Thus the aim of this study was to investigate whether hearing loss is associated with a firefighting career in Korea. A cross-sectional study was conducted to compare hearing thresholds of firefighters with two age-matched population-based data sets (one from a group of otologically screened normal Korean males (KONP (Korean otologically normal population)) with no noise exposure and one from a group of unscreened Korean males who had not been exposed to occupational noise (KNINEP (Korean non-industrial noise exposed population)).

METHODS

Subjects and Source Data

The subjects of this study were a total of 912 male firefighters (100%) who worked in 4 of the 23 local fire departments in Seoul, Korea. The four fire departments (Guro, Mapo, Gwanak, Gwangjin) were randomly selected by geographical region. Firefighters’ age ranged from 24 years to 59 years (mean age=44 years). The study included male firefighters only because of the small numbers of females (5%) in fire service. Since 2004, the annual audiometric testing for firefighters has been performed in three hospitals that were approved by the Korean Ministry of Employment and Labor. A standard pure-tone audiometric testing was conducted at frequencies at 0.5 kHz, 1 kHz, 2 kHz, 3 kHz, 4 kHz, and 6 kHz for both ears. HTLs were reported in 5-dB increments and HTLs were obtained between −10 dB and 90 dB.

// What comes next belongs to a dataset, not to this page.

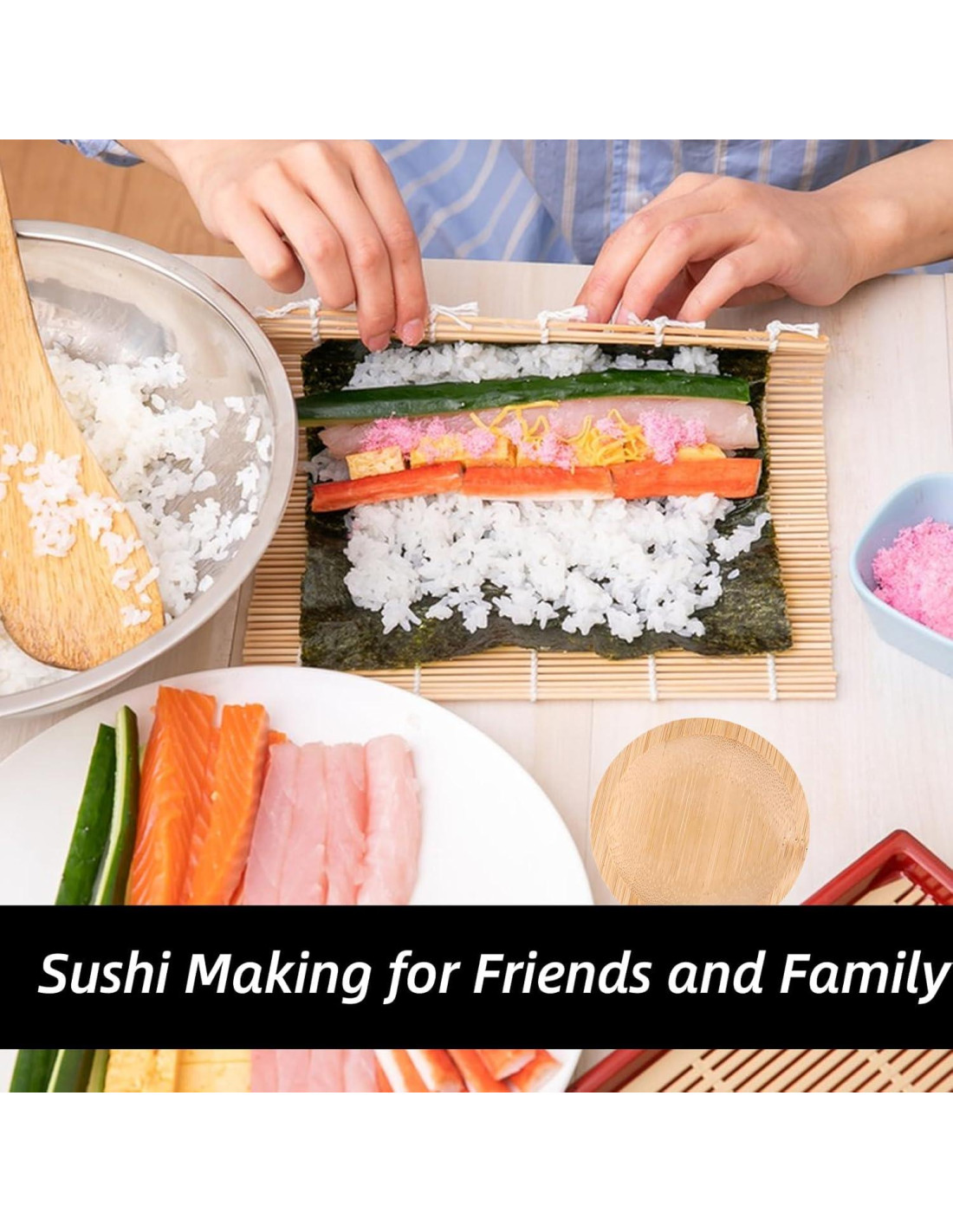 - Material Premium: El kit de sushi está hecho de bambú natural, presenta bordes redondeados y superficies suaves para una preparación de sushi amigable para la familia en casa.

This study used 2010 audiometric data of the firefighters that were obtained from the participating fire departments. Audiometric data included HTLs measured at test frequencies from 0.5 kHz to 6 kHz, along with the participant’s age and duration of service. The service duration was coded by month of each main role such as a fire suppressor, rescuer, medical paramedic, driver, and office job. Firefighters are divided into field personnel and office personnel. Fire suppressors, rescuers, paramedics, and drivers are categorized into the field personnel. The office personnel are responsible for enforcing laws or regulations related to fire prevention. In general, firefighters are assigned to one major job task at the beginning of their career but occasionally they get rotated to different job tasks.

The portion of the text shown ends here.